Different strategies to manage stroke are; to identify risk groups for preventive treatment; development, implantation and dissemination of evidence-based clinical practice guidelines in order to set a standard for stroke management through the continuum of care with early treatment that is fundamental to improve the outcome following an ischemic stroke attack. One of two approved treatments today is IV administration of tissue plasminogen activator (tPA) that will induce thrombolysis, which may remove the clot and restore blood supply to the brain tissue. The other method is to mechanically remove the clot, to restore blood supply. Other approaching methods are in early phase research and some in clinical trials. New potential therapies of interest include administration of neuroprotective agents, cooling of the ischemic brain and the use of stents to revasculate occluded arteries.

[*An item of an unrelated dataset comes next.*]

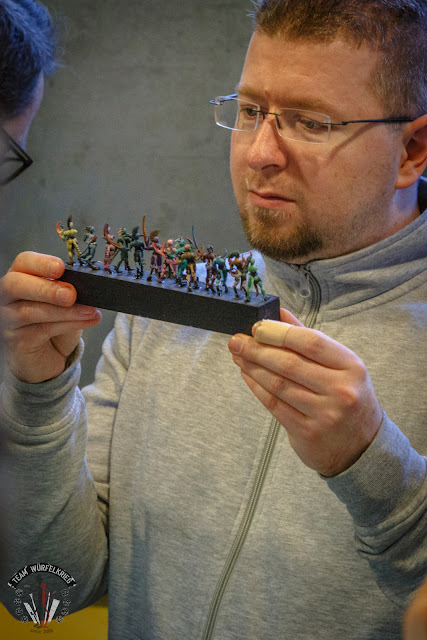 arrived and we missed nobody. Everybody was ready and eager to learn and proceed. Before we paint we still had some minor tasks to fullfil to get everything ready for priming at noon. We were also able to see many miniature projects on the miniature table as many people brought their beautiful projects to look at.

Thus, a method of treatment an ischemic stroke attack generally comprises removing mechanical hinders (blood clots) from the blood flow, e.g. by intravenous administration of tissue plasminogen activator (tPA). It is thought that combining the removal of mechanical hinders from the blood flow with administration, either before or after, of neuroprotective agents, may help saving ischemic neurons in the brain from irreversible injury, including apoptosis. However, as of today no neuroprotective agent has been provided for successful treatment of stroke. It therefore appears that there still is a need for improved treatment of stroke, in particular improved treatment by administration of neuroprotective agents, preferably in combination with the removal of blood clots in the ischemic brain.